Kolaka Utara

Hutan Lindung Jadi Lokasi Penambangan


KENDARINEWS.COM — Indikasi adanya aktivitas penambangan ore nikel secara ilegal di kawasan Dusun IV Desa Pitulua, Kecamatan Lasusua, Kabupaten Kolaka Utara (Kolut), diungkap. Perusahaan berbendera PT Gerbang Timur Perkasa (GTP) dituding melakukan kegiatan tersebut pada kawasan hutan produksi terbatas (HPT) tanpa mengantongi izin pinjam pakai dari pihak Kementerian Kehutanan. Bahkan disebut menerobos kawasan hutan lindung (HL).

PT GTP beroperasi di konsesi izin usaha pertambangan (IUP) PT Tiar Daya Sembada (TDS) selaku Join Operasional (JO). Luas lahannya kurang lebih 28,82 hektare. IUP ini memiliki dua status berbeda. 10,65 hektare merupakan HL dan 18,17 hektare masuk HPT. Kepala Unit Pelayanan Teknis Dinas (UPTD) Kesatuan Pengelolaan Hutan Unit XVI Patampanua Selatan, Kolut, Sudaryono, yang ditemui di kantornya, menganggap IUP yang berada di HPT dan HL itu wajar. Namun ditekankan, HPT harus mengantongi izin kementerian dan untuk HL terlarang sama sekali untuk dimasuki termasuk pembuatan jalan produksi terkecuali itu pertambangan tertutup.

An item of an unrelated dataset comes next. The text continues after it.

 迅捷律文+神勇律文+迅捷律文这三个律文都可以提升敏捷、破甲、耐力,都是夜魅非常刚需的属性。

“Kalau pertambangan nikel kan kategori pertambangan terbuka, jadi tidak dibenarkan. Tidak ada aturan membolehkan. HPT pun kalau tak ada izin jelas itu melanggar,” tegasnya. Di lapangan, PT GTP diduga sudah membuka jalan produksi di area HL secara diam-diam. Pintu masuk jalur itu hanya berjarak kurang lebih 1,7 kilometer dari jalan Trans Sulawesi setempat dengan mengarah ke Selatan Pitulua. Dari sana rute itu kemudian menuju arah Barat yang sekaligus melakukan pengerukan di zona tersebut.

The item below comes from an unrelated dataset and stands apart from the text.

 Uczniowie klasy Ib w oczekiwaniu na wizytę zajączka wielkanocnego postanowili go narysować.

Di lokasi, sebuah alat berat terlihat sedang berupaya menata jalan menanjak agar tidak bisa dilalui kendaraan. Aktivitas itu berlangsung disaat terjadi perebutan lahan antar kelompok masyarakat. Sudaryono memastikan jika pihaknya belum pernah meninjau lokasi tersebut dan tak punya dasar meninjau aktivitas pertambangan yang dilakukan PT GTP di wilayah HPT dan HL. Tapi, meskipun tidak ada perintah langsung dari provinsi, UPTD-nya punya kewenangan untuk melakukan pengawasan. “Tetap ada (pengawasan) meskipun sekadar mencari data,” sambungnya.

Informasi yang diperoleh, ada temuan jetty baru di Tanjung Labuandala yang diduga dibuat pihak PT GTP. Pelabuhan itu berjarak dari jalan Trans Sulawesi kurang lebih 4 kilometer. Alat berat yang ada di sana telah beroperasi sejak beberapa bulan lalu melakukan aktivitas pengerukan termasuk pembukaan jalan produksi.

Menyangkut IUP seluas 10,65 hektare yang merupakan HL, itu terlarang untuk aktivitas pertambangan berdasarkan peta indikatif penghentian pemberian izin baru hutan alam primer dan lahan gambut tahun 2020 periode I sesuai SK Menteri Lingkungan Hidup tertanggal 26 Februari 2020 nomor SK.851/MENLHK-PKTL/IPSDH/PLA.1/2/2020. Artinya, walaupun sudah mengantongi izin menteri untuk pengelolaan area yang masih berstatus HPT, hanya dibenarkan mengeruk tanah yang hanya seluas 18,17 hektare saja.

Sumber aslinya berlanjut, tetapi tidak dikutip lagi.